Estimation based on multiple Pt particles STEM video. Snapshots of experimental data are illustrated in (A). The optimal parameter calculated using Cp criteria is shown in red in (B). The estimated frame is shown in (C). PCC in (D) proved the convergence to the experimental data between frame 11 and 35. [Retrieved from reference 34 ]

Both the simulated and experimental datasets proved that the use of the PDE models has the potential to capture the characteristic behavior of spatial‐temporal patterns at a mesoscopic scale in STEM videos and can be of great help for the investigations of complex time‐evolving processes.

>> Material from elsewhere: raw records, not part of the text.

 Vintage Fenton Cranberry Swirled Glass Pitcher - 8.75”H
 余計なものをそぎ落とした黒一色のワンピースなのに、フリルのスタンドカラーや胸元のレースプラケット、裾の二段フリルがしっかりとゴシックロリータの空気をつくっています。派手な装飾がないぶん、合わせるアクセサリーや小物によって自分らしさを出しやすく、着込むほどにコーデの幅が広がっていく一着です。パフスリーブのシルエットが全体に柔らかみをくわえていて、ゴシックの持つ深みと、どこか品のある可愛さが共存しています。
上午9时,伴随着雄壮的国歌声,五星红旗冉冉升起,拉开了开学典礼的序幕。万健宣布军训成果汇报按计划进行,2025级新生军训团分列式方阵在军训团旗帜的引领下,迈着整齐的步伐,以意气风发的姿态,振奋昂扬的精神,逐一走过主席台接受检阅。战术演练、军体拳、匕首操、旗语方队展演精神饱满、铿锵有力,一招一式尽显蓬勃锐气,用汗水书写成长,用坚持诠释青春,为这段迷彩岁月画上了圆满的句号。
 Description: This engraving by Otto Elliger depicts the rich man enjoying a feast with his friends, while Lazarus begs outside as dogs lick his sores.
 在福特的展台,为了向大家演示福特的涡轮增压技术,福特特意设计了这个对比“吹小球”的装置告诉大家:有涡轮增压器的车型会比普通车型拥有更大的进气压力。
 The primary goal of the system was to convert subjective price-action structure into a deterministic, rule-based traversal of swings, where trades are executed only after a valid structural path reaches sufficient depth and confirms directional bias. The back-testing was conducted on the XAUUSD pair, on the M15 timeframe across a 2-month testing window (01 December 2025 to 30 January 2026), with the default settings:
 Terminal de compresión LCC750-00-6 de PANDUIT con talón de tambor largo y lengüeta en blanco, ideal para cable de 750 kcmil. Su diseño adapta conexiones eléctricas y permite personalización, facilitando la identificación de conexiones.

4.2. Two‐dimensional chromatography

Two‐dimensional chromatography is a chromatographic technique that yields information on the chemical composition of a sample, by combining two separation systems. Typically, two different chromatographic columns are connected in sequence, and an aliquot from the first column is injected in the second column. As the separation systems are often working differently in the columns, peaks that could not be separated using the first column can be separated using the second column in 2D chromatography. 69 A large amount of information is contained in high‐resolution chromatography, and it is complicated to extract all relevant information and deduce correct and straightforward solutions. However, recent research for efficient chemometric data‐processing strategies is presented below.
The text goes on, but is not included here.